So this was going to be my review of Portal 2, but that's going to be pretty quick: great mechanics, puzzles that are fun but not as fun as the first*, dialogue that lacks the memeability of the first but is guaranteed to give you at least one thing you can't stop saying**, and a completely unnecessary explanation for questions NO ONE WAS ASKING. I'd heard the multiplayer did a better job at living up to the fun puzzle hunting feeling of the first, which was a terrible thing to tell me because it meant that both parts of the game labored under the massive expectations generated by the awesomeness of its predecessor, rather than just the single player. It's a good game, but don't pay retail for it. My $30 for a used copy was tolerable, $50 for a new copy is too high, if you can find a portal buddy to wait for a price drop with you do that.
Portal 2 is fundamentally a puzzle game, and playing puzzle games with someone who has already solved them sucks, so you need to pick out a friend ahead of time and promise yourselves to each other. Pick someone you like, because communicating plans is difficult and they will kill you several times. If at all possible, pick someone who's roughly as good as you. My portal buddy B scored well on the "liking each other" and "unlikely to stab each other" metrics, but got stuck once in the entire single player game, compared to probably a dozen times for me. The first 80% of the multiplayer campaign was us walking into a room, him telling me where to put portals before I'd even seen what was happening, and then us suddenly being done. It was pretty much the same experience as playing with someone who'd played it before.
But the last 20% is where it got interesting. The difficulty curve in Portal 2 is pretty good, and suddenly he could no longer just see the answer. And it turns out, he had no backup strategy. Meanwhile, I had built up my figuring things out skills through the single player campaign, leading to conversations like this:
Me: [mechanic] the [mechanic] over there.
B: Why?
Me: I dunno, but it's clearly set up to do that, so let's try it and see what happens.
B: But... then what?
Me: That's a problem for future us.
This didn't reverse the discrepancy by any means, since he had as good a chance as I did at seeing the next move. At best it maybe got to 60/40 in my favor, 50/50 is also plausible. But this portion was a lot more fun, which makes me think that the whole thing would have been a lot more if I'd been playing with someone of equal skill.

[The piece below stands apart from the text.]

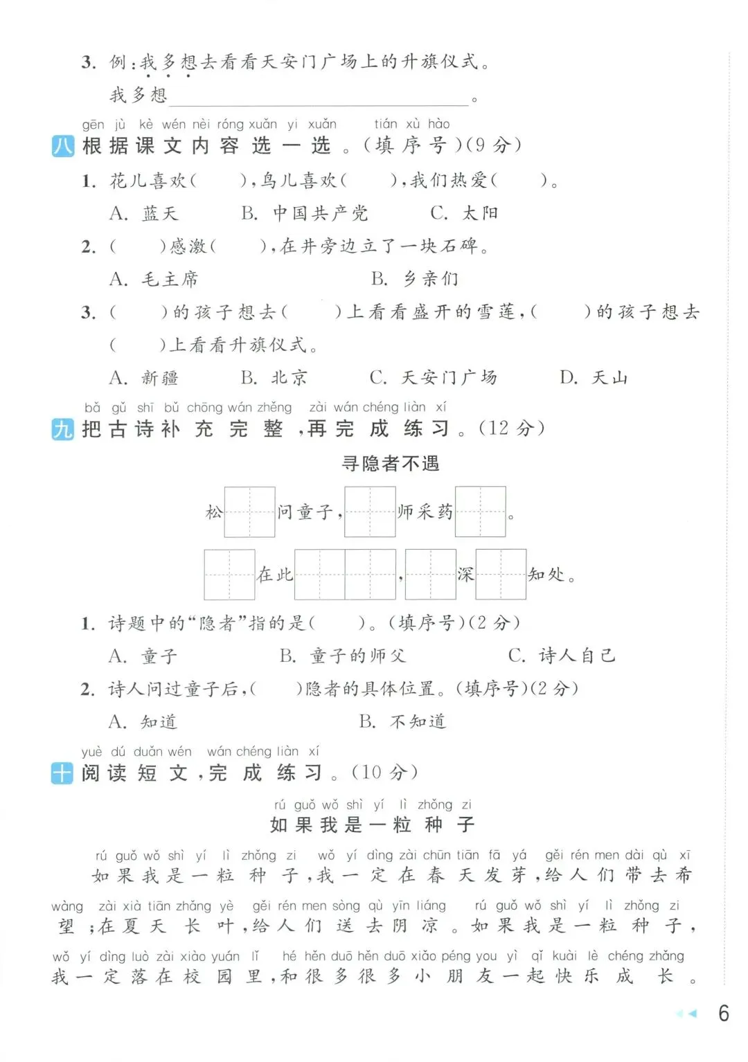 2026春新人教版一年级下册语文《1-8单元+月考+期中+期末测试卷+期末基础知识复习+专项提优训练》电子版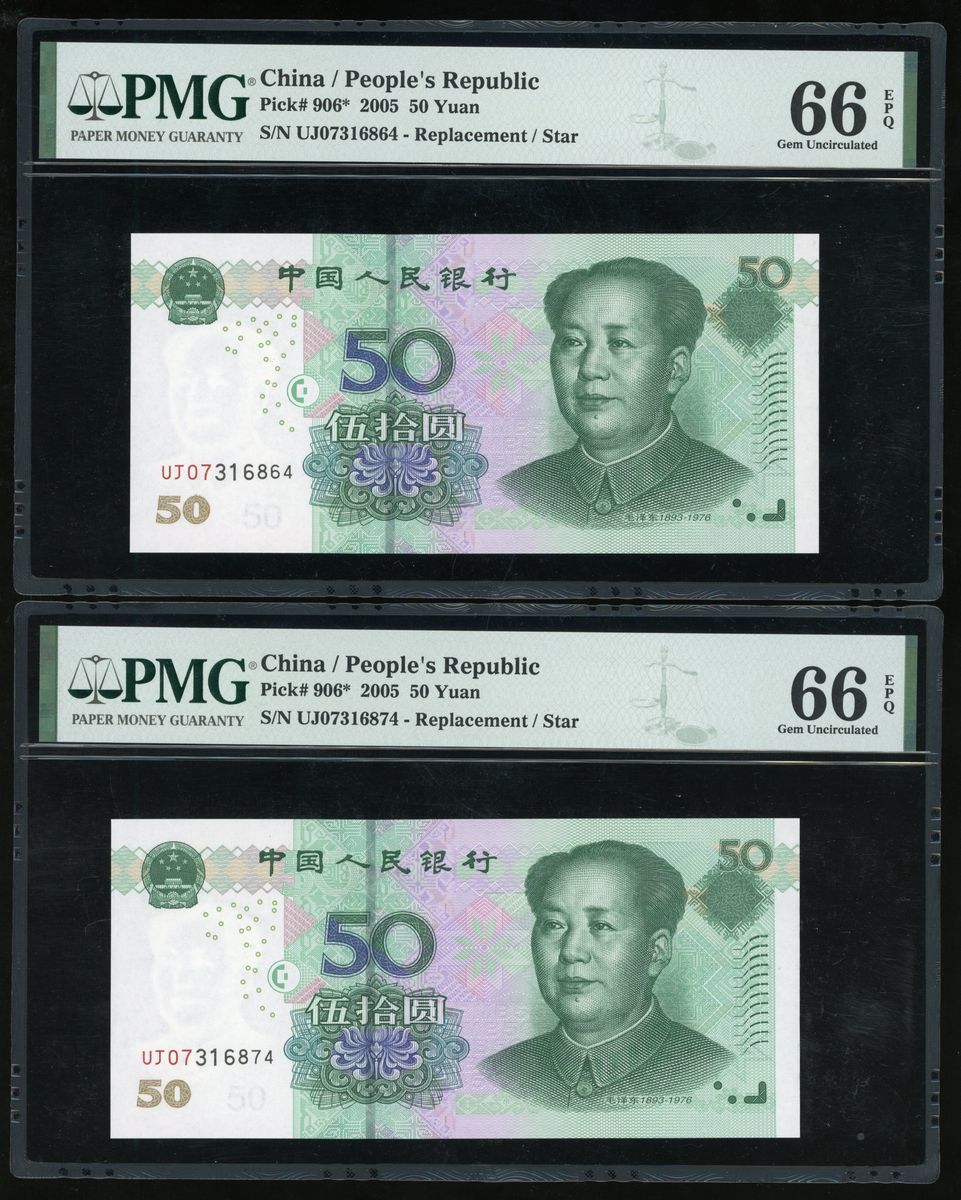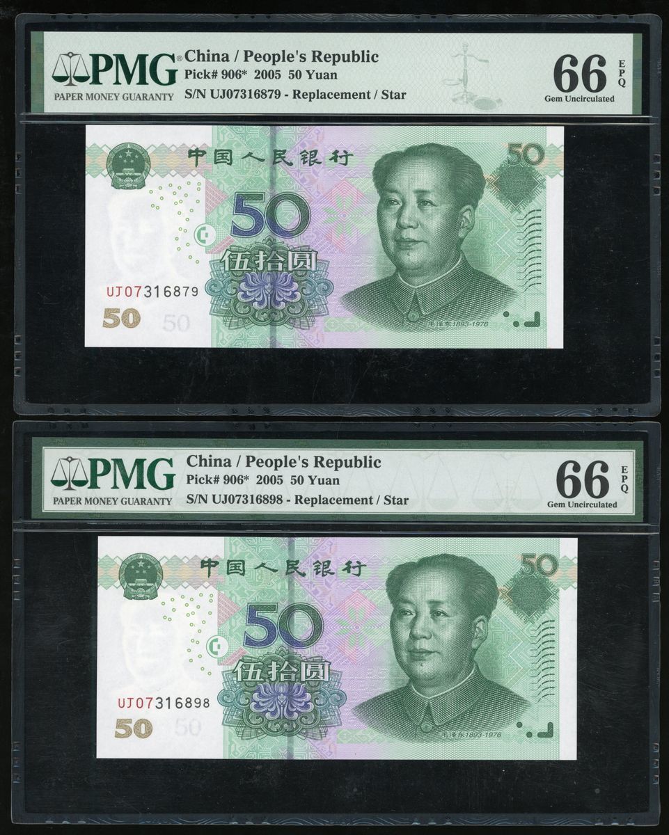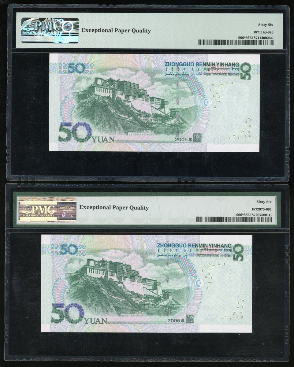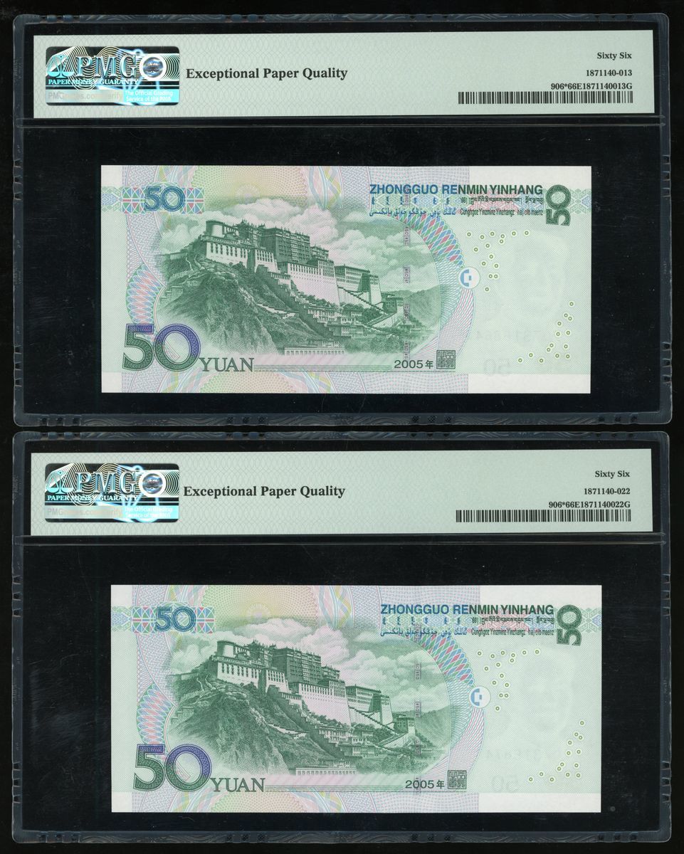 2005年中國人民銀行第五版人民幣伍拾圓補版一組4枚,編號UJ07 316879、UJ07 316864、UJ07 316874和UJ07 316898,均PMG 66EPQ

Related Anecdote: I am pretty good at math, but my brother is amazing. He took an IQ test in elementary school and scored perfect on the math section. I had to be taught math, he would just see it. But that meant that when he eventually got to math he couldn't just see (and this took till high school, but it did happen), he was screwed. He had no problem solving method beyond looking at the problem and knowing the answer. Meanwhile, I'd been developing my "writing things down" and "intermediate steps" methods for years, and ended up going much farther in math than he did, and with much less frustration.***
I think people or at least Americans tend to conflate initial skill level, rate of learning, and skill level ceiling, and I think it does us a disservice. I know I've flat out given up on some things- remembering names and faces, having some sort of directional sense- that I'm now pretty sure I could improve on if I put effort into it. It's amazing what a difference conceiving of something as learnable makes.
*Note to developers: where is the one patch of portleable wall? is not a puzzle. It's an annoyance.
**For me?
Aristotle vs. MASHYSPIKEPLATE. and "I literally don't have the energy to lie to you." For my friend?
I'm in space, which I didn't appreciate at the time because I missed the context, but is steadily growing on me.
***Interestingly, B reported the same experience at math as my brother. I really want to insist that he can't have been visualizing things to the extent my brother was, but some of that is that my brother's right-brainness really screwed him in ways B has not suffered from, and it would be unfair if B also had superior math skills.